Work request: Print every record exactly, but leave out the pictures.
Available data section start
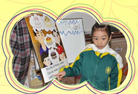
Let's read with me!

本年度我們在一、二年級同時推行「小學識字計劃」，鼓勵學生大量閱讀英文故事圖書，學習生詞。參與計劃的科任老師，會定期與教育局人員商討學習內容及學習活動。學生每周有四節英文故事課堂；每節課均由英語外籍教師和英文科教師一起任教，同時安排一位課室助理在課堂上協助推行學習活動。這有助減低師生比例，加強照顧學習差異。課堂上老師安排不同形式的學習活動，包括說故事、角色扮演、唱歌、拼音遊戲、生活體驗等，讓學生能寓學習於遊戲中，享受學習英文的樂趣。
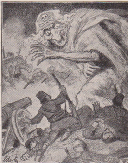
Colera împacând pe Turci și pe Bulgari.

Vieța-i începuse să capete înțeles și farmec și nici nu știă când îi treceau orele până la prânz și cină, în care vreme se îngrijiă mereu cum să mulțumească mai bine pe noul prieten, care știă să vorbească așa de frumos despre atâtea lucruri, de cari bărbatul său habar n'avea, și o înțelegea așa de bine, fără ca ea să-și fi destăinuie cândva durerile sale ascunse.
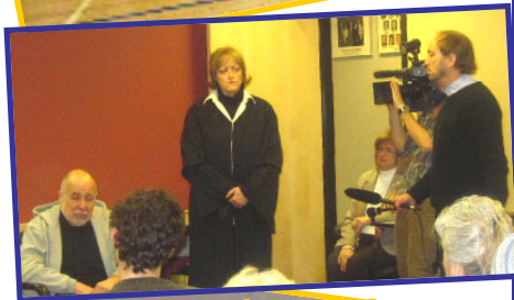
Conférence de presse
Available data section end
Response to the task:
Let's read with me!

本年度我們在一、二年級同時推行「小學識字計劃」，鼓勵學生大量閱讀英文故事圖書，學習生詞。參與計劃的科任老師，會定期與教育局人員商討學習內容及學習活動。學生每周有四節英文故事課堂；每節課均由英語外籍教師和英文科教師一起任教，同時安排一位課室助理在課堂上協助推行學習活動。這有助減低師生比例，加強照顧學習差異。課堂上老師安排不同形式的學習活動，包括說故事、角色扮演、唱歌、拼音遊戲、生活體驗等，讓學生能寓學習於遊戲中，享受學習英文的樂趣。
Colera împacând pe Turci și pe Bulgari.

Vieța-i începuse să capete înțeles și farmec și nici nu știă când îi treceau orele până la prânz și cină, în care vreme se îngrijiă mereu cum să mulțumească mai bine pe noul prieten, care știă să vorbească așa de frumos despre atâtea lucruri, de cari bărbatul său habar n'avea, și o înțelegea așa de bine, fără ca ea să-și fi destăinuie cândva durerile sale ascunse.
Conférence de presse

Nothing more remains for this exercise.